§ **ACTION ITEM**
Going down the listing below, print exactly each line from the one with "Stainless Steel Propane" up to and including the one with "Jewellery Set for", and skip the rest.

§ **DATA FOR THIS TASK**
--------
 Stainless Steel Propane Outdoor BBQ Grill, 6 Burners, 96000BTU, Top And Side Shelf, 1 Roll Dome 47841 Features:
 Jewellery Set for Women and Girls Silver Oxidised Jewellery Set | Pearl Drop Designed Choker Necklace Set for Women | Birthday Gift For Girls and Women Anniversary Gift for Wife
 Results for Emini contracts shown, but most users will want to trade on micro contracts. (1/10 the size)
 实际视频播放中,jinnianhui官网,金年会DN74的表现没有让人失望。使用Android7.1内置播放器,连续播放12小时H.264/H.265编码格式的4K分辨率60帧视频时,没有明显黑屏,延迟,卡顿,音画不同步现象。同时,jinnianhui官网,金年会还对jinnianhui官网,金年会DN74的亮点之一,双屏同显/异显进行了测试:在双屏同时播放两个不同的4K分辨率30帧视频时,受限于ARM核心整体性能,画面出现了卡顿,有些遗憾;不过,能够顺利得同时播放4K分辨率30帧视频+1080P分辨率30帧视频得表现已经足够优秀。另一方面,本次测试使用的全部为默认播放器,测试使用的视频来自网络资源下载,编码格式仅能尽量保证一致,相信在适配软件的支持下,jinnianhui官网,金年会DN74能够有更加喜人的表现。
--------
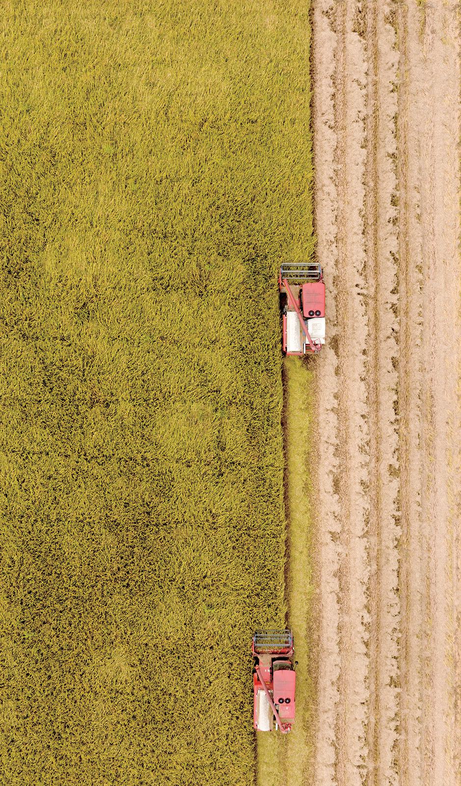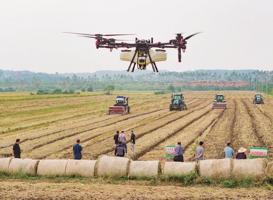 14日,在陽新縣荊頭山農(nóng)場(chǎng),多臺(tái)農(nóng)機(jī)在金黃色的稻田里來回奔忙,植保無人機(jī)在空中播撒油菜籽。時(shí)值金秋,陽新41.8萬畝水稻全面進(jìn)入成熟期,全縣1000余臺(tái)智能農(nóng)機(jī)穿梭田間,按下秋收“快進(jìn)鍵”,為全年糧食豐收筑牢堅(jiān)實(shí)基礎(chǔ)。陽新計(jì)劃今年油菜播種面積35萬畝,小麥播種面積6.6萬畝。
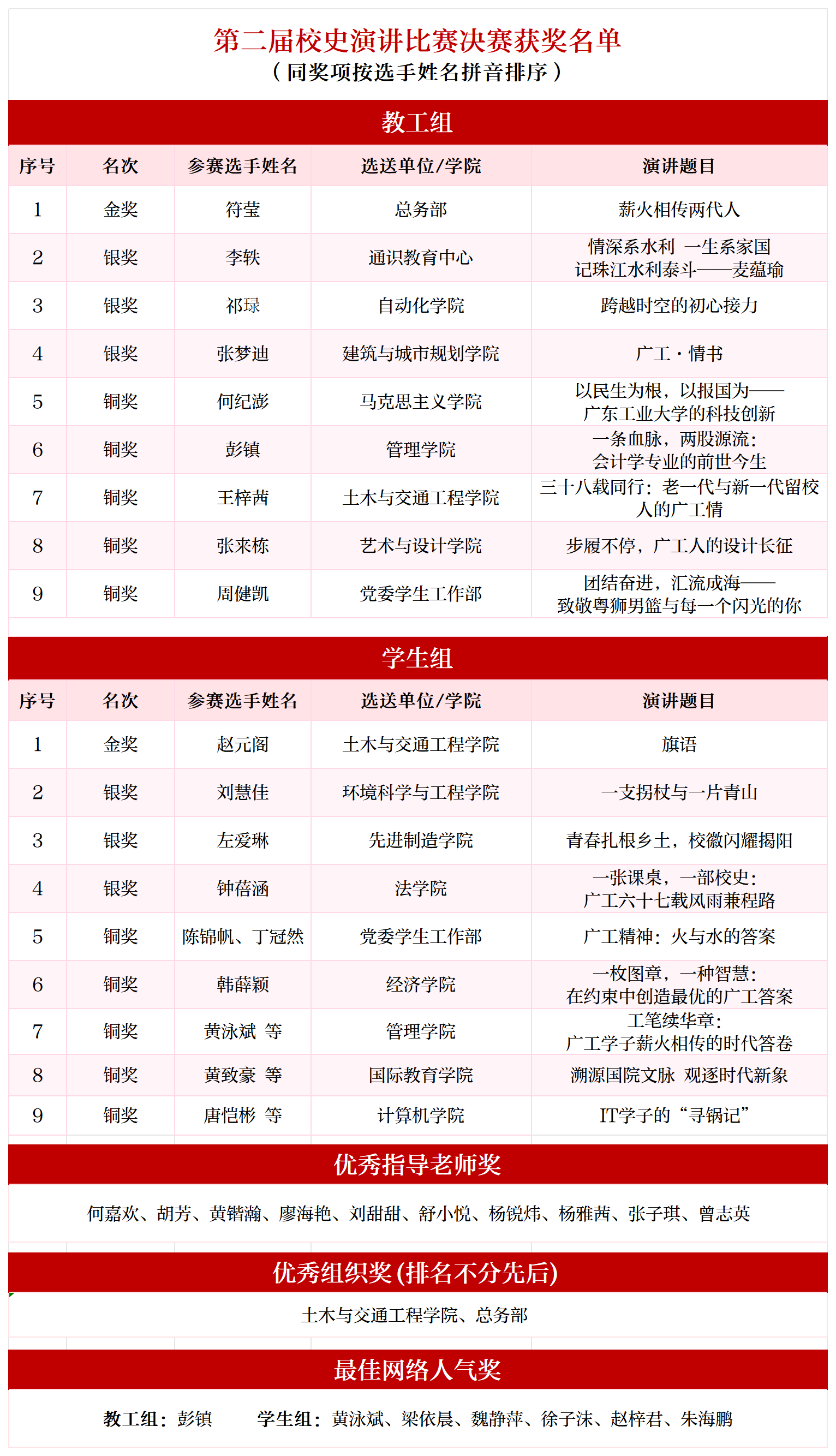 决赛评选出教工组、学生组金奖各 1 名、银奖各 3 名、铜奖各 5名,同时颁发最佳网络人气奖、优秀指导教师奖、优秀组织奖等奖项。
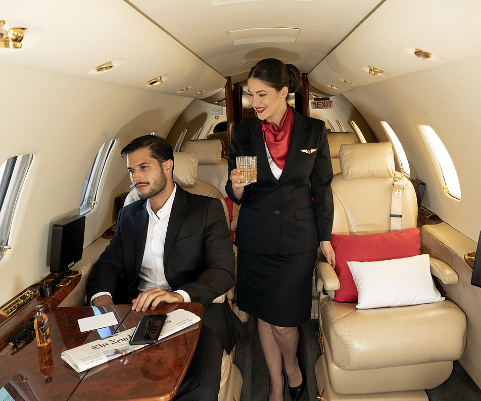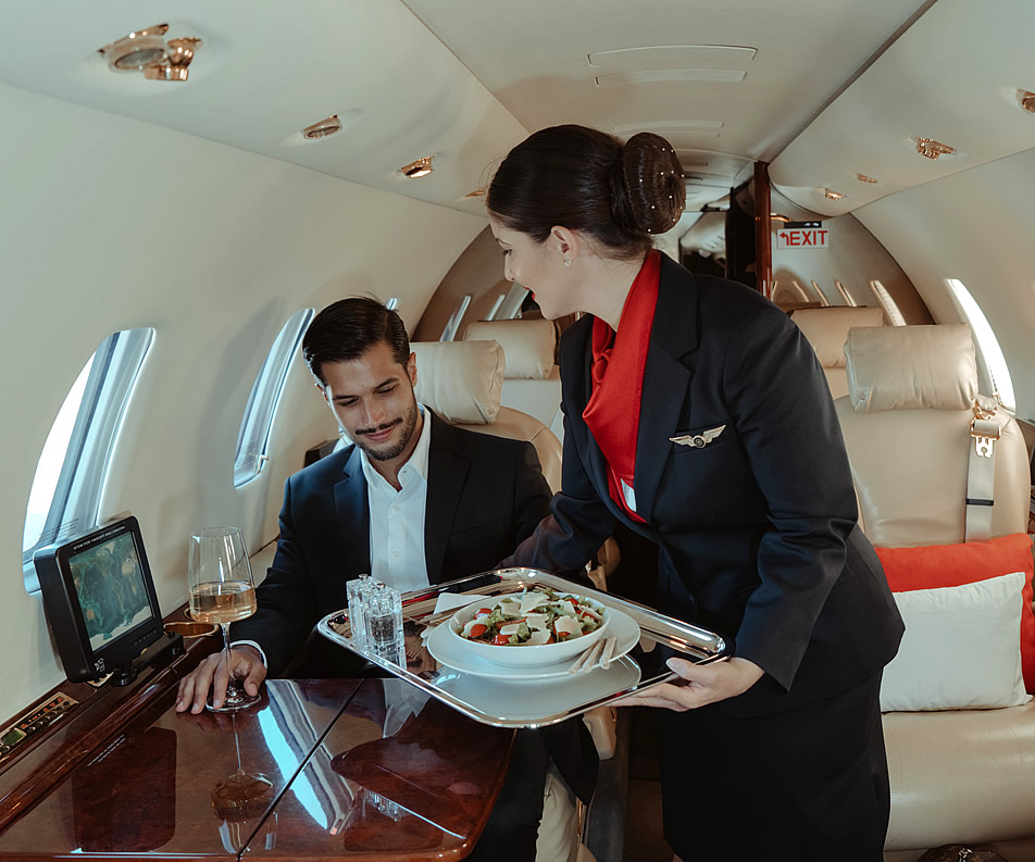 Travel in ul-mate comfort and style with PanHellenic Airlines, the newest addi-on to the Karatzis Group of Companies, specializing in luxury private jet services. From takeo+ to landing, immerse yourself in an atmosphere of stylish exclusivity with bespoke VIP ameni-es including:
--------
§ **ANSWER FOR THE TASK**
 Stainless Steel Propane Outdoor BBQ Grill, 6 Burners, 96000BTU, Top And Side Shelf, 1 Roll Dome 47841 Features:
 Jewellery Set for Women and Girls Silver Oxidised Jewellery Set | Pearl Drop Designed Choker Necklace Set for Women | Birthday Gift For Girls and Women Anniversary Gift for Wife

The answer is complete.